■ Supplied data ■
▬▬▬▬▬▬▬▬▬▬

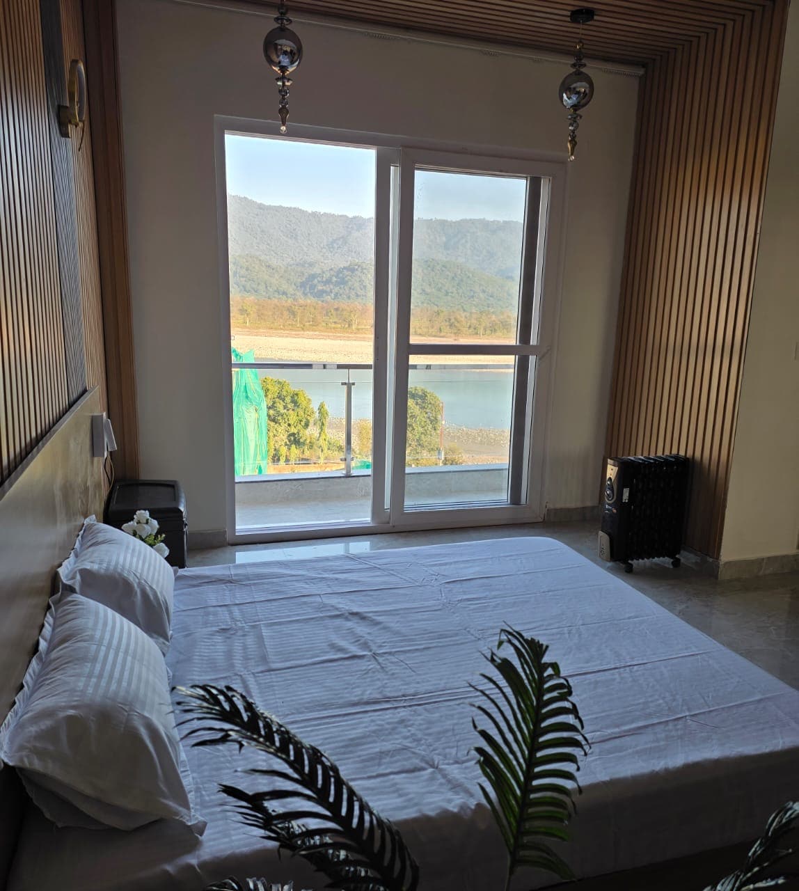 Step into a sanctuary where modern comfort meets the serene spirit of the Ganga. Nestled just steps away from the river, this stylish and calming retreat is designed for travelers who seek peace, rejuvenation, and a touch of luxury. Wake up to soft sunlight filtering through large windows, enjoy your morning chai on a private balcony with fresh river breezes, and unwind in thoughtfully curated interiors that bring together elegance, comfort, and nature.
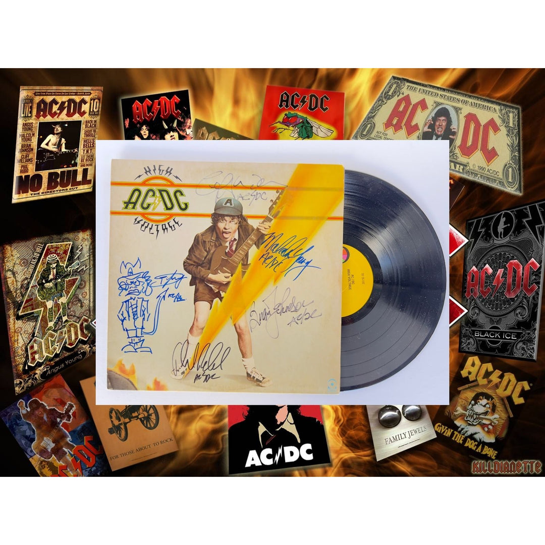 AC/DC "High Voltage" Angus and Malcolm Young, Brian Johnston, Phil Rudd, & Cliff Williams original LP signed with proof
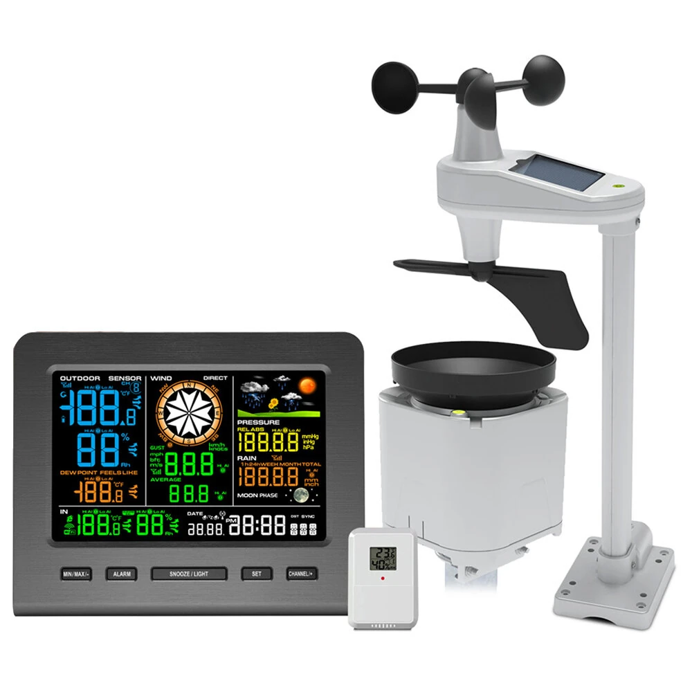 Özellikler:Marka: NicetyMeterDış Sıcaklık Aralığı: -40°C ile +60°Cİç Mekan Sıcaklık Aralığı: 0°C ile +60°CSıcaklık Hassasiyeti: ±1ºCNem Aralığı: %10 ila %99 (Çözünürlük %1)Nem Doğruluğu: ±5%Atmosferik Basınç Aralığı: 300 ila 1100 hPaBasınç Hassasiyeti: ±3 hPaYağış Gösterimi: 0–9999mmÇözünürlük: 0,3mm (1mm (>1000mm)Yağış Doğruluğu: Rüzgar Hızı Hassasiyeti: 2m/sn~10m/sn (+/-3m/sn),10m/sn~56m/sn (+/-10%)Rüzgar Yönü Doğruluğu: 8 puanRüzgar Hızı Aralığı: 0~50m/sVeri İletim Aralığı: 60sİletim Frekansı: 433,92MHzKablosuz İletim Mesafesi: 100 metre (açık alan)WiFi Standardı: 802.11 b/g/nWiFi Frekansı: 2.4 GHzWiFi İletim Mesafesi: 20mGüç gereksinimleriAna Ünite: 2 x AAA pil ve EU/ABD/İNGİLTERE/AU adaptörü (pil dahil değildir, adaptör çıkışı 5.9V~0.5A)Rüzgar Hızı Sensörü: 4 x AAA pil (pil dahil değildir)Yağış Sensörü: 2 x AAA pil (piller dahil değildir)Sıcaklık ve Nem Sensörü: 2 x AAA pil (piller dahil değildir) Özellikler:Kapsamlı Hava Verisi: Rüzgar hızı, rüzgar yönü, yağış miktarı, sıcaklık, nem ve atmosfer basıncını ölçer ve kapsamlı bir hava izleme çözümü sunar.Kablosuz Bağlantı: Verileri 100 metreye kadar kablosuz olarak aktarır, Wunderground veya Weathercloud'a hava durumu verilerini yüklemek için WiFi yeteneğine sahiptir ve gerçek zamanlı izleme sağlar.Yüksek Hassasiyet: ±1ºC sıcaklık hassasiyeti ve ±5% nem hassasiyeti ile hassas ölçümler sunarak, tüm hava koşulları için güvenilir veriler sağlar.Sık Güncellemeler: 60 saniyelik veri iletim aralığı, zamanında güncellemeler sağlar
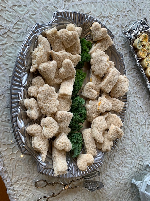 When I plan for a more intimate gathering, I plan all the food. I will have sandwiches, scones, muffins, fruit, and assorted desserts. Karen and I agree that cucumber sandwiches are a staple item. Be cognizant of any dietary needs and food allergies.

▬▬▬▬▬▬▬▬▬▬

■ Aim of the task ■
Take the material above from its first line through the line that has "signed with proof" and copy it exactly, without any pictures.

■ Reply ■
 Step into a sanctuary where modern comfort meets the serene spirit of the Ganga. Nestled just steps away from the river, this stylish and calming retreat is designed for travelers who seek peace, rejuvenation, and a touch of luxury. Wake up to soft sunlight filtering through large windows, enjoy your morning chai on a private balcony with fresh river breezes, and unwind in thoughtfully curated interiors that bring together elegance, comfort, and nature.
 AC/DC "High Voltage" Angus and Malcolm Young, Brian Johnston, Phil Rudd, & Cliff Williams original LP signed with proof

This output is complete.